Your objective:
Please print exactly the lines below, from the start of the material up to and including the line with "Asian Shower Curtain", but none of the pictures.

Data shown:
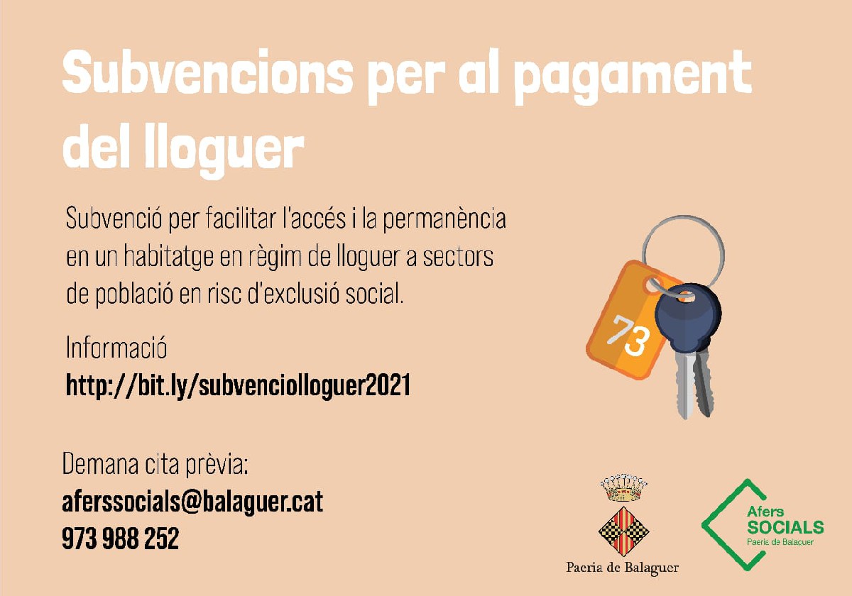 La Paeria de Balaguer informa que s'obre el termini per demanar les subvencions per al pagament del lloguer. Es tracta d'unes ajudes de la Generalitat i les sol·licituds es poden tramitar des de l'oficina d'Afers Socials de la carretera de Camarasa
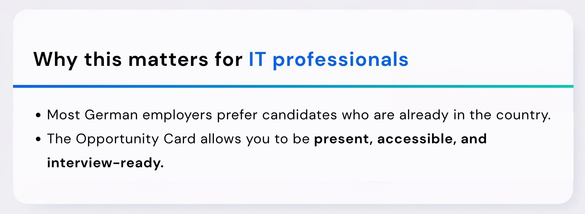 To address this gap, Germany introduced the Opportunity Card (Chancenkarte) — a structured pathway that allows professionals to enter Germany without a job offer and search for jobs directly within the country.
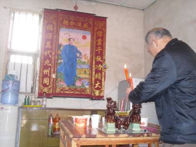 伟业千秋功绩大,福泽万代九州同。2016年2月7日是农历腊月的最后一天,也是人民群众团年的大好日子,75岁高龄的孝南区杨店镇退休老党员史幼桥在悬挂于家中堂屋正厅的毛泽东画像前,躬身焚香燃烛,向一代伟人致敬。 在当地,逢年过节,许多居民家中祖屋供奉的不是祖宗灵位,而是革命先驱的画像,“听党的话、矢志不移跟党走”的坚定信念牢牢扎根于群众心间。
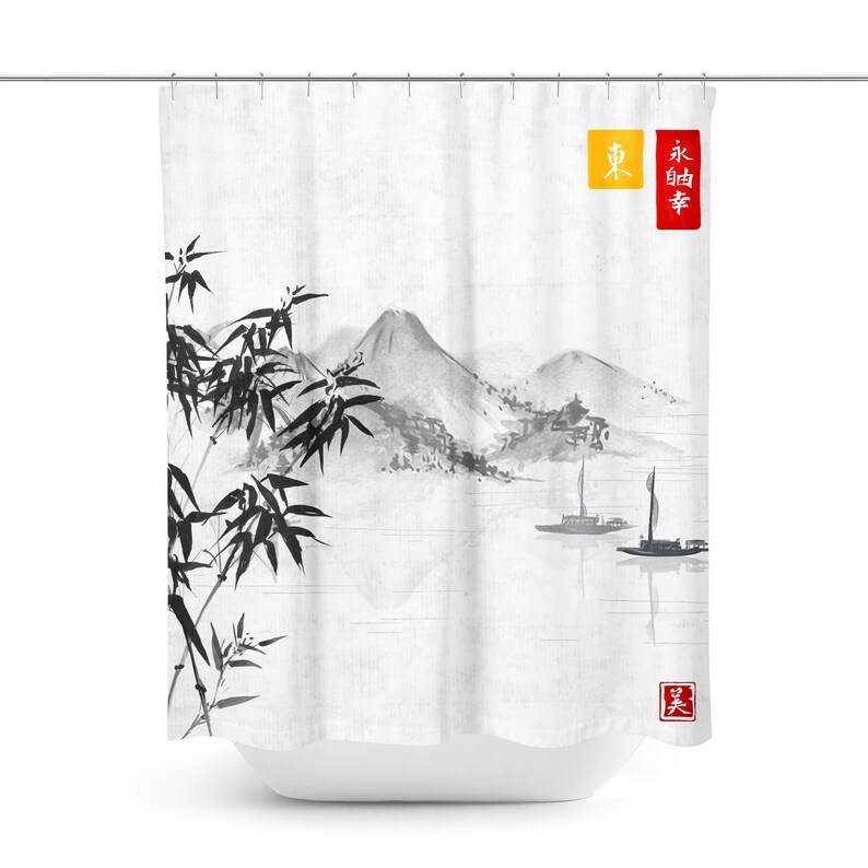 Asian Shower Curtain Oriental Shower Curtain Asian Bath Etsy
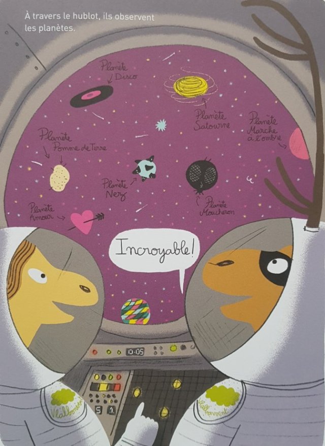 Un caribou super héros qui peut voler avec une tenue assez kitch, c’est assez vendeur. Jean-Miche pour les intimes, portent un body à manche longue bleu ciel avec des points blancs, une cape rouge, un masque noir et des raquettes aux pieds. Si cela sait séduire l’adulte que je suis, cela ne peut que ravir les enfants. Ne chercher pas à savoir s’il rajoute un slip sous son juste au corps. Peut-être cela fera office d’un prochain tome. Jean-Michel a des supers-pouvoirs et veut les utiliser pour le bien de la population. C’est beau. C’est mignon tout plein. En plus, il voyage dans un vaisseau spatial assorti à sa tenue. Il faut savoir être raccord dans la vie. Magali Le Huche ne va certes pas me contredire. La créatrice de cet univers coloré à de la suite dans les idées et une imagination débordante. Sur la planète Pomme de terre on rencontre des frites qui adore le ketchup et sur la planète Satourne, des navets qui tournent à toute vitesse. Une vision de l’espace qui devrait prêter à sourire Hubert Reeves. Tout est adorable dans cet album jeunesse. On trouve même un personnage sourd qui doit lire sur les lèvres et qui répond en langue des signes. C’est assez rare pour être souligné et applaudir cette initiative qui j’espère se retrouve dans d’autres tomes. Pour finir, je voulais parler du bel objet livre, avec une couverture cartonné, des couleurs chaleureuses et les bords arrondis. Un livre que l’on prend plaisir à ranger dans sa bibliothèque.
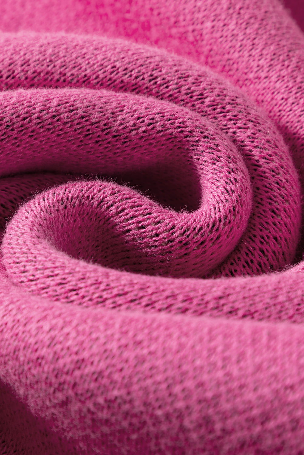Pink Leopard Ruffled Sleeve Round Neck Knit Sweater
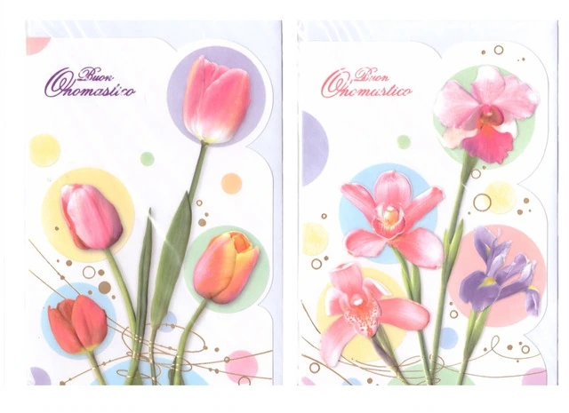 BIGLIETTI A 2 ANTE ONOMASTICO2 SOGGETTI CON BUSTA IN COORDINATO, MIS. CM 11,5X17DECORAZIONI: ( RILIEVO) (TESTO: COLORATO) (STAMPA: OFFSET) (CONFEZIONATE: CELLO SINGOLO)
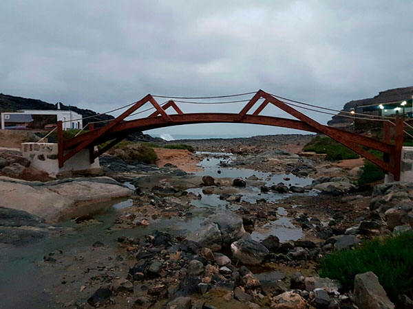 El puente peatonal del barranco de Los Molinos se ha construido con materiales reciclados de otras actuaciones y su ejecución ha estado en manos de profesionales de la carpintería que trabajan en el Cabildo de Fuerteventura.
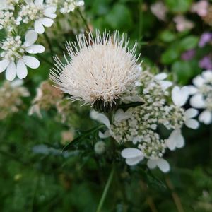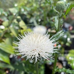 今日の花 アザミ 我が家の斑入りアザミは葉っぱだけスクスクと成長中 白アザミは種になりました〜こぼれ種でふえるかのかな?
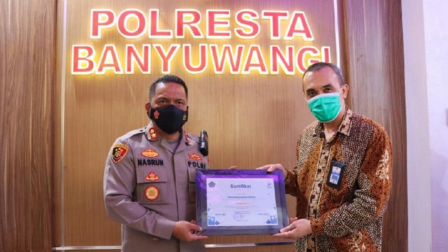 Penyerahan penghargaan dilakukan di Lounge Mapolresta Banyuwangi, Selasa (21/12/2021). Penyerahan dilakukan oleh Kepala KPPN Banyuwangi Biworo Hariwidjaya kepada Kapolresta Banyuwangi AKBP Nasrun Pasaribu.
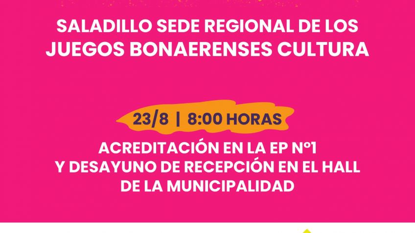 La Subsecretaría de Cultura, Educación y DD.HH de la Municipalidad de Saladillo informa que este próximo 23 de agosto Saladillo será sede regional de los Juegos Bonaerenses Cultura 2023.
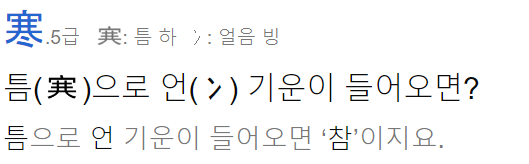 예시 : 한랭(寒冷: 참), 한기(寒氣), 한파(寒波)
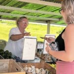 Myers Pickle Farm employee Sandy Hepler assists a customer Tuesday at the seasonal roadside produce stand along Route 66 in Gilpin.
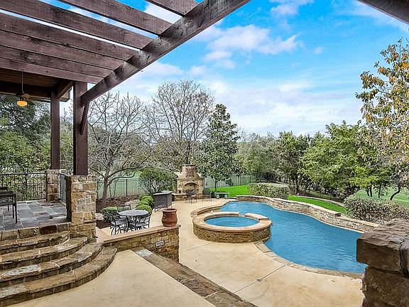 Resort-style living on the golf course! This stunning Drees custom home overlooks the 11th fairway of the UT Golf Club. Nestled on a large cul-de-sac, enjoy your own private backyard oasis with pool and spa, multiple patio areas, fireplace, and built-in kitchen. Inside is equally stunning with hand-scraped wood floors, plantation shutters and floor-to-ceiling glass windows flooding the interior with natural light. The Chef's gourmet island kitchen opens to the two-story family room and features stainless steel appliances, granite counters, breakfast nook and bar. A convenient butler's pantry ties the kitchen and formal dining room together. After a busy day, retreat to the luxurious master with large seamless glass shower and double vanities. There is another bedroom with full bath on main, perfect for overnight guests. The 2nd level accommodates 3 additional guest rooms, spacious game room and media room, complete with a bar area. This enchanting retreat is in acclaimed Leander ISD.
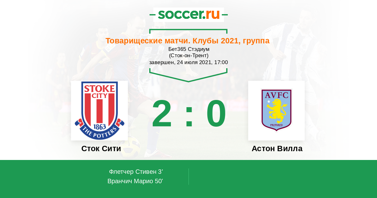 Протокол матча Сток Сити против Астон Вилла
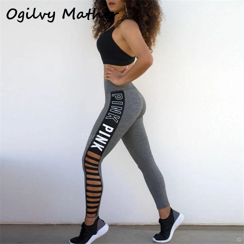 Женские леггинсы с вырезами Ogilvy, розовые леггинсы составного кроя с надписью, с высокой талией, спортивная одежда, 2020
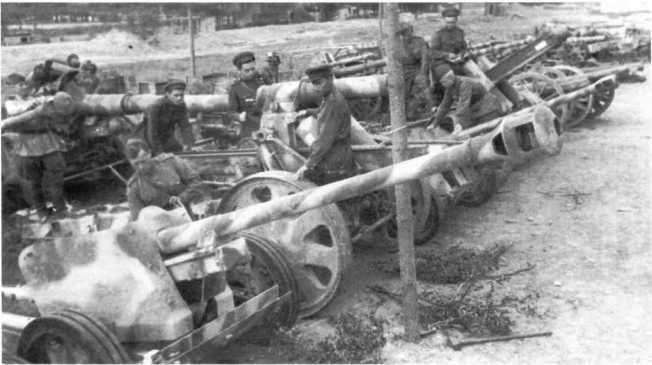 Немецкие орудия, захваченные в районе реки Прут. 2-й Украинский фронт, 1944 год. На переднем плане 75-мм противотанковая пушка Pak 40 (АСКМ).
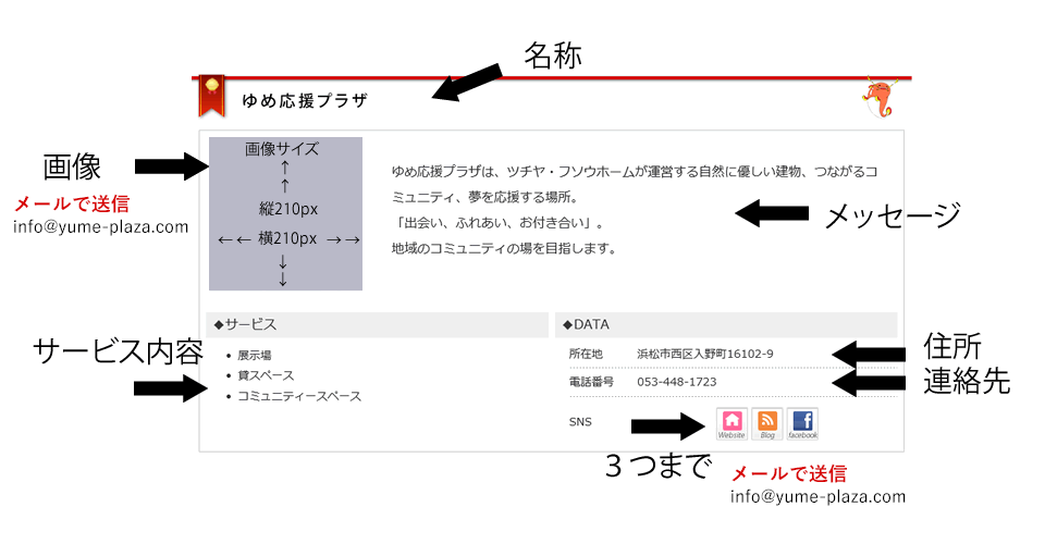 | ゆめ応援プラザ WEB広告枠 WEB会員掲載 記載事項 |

Answer:
 La Paeria de Balaguer informa que s'obre el termini per demanar les subvencions per al pagament del lloguer. Es tracta d'unes ajudes de la Generalitat i les sol·licituds es poden tramitar des de l'oficina d'Afers Socials de la carretera de Camarasa
 To address this gap, Germany introduced the Opportunity Card (Chancenkarte) — a structured pathway that allows professionals to enter Germany without a job offer and search for jobs directly within the country.
 伟业千秋功绩大,福泽万代九州同。2016年2月7日是农历腊月的最后一天,也是人民群众团年的大好日子,75岁高龄的孝南区杨店镇退休老党员史幼桥在悬挂于家中堂屋正厅的毛泽东画像前,躬身焚香燃烛,向一代伟人致敬。 在当地,逢年过节,许多居民家中祖屋供奉的不是祖宗灵位,而是革命先驱的画像,“听党的话、矢志不移跟党走”的坚定信念牢牢扎根于群众心间。
 Asian Shower Curtain Oriental Shower Curtain Asian Bath Etsy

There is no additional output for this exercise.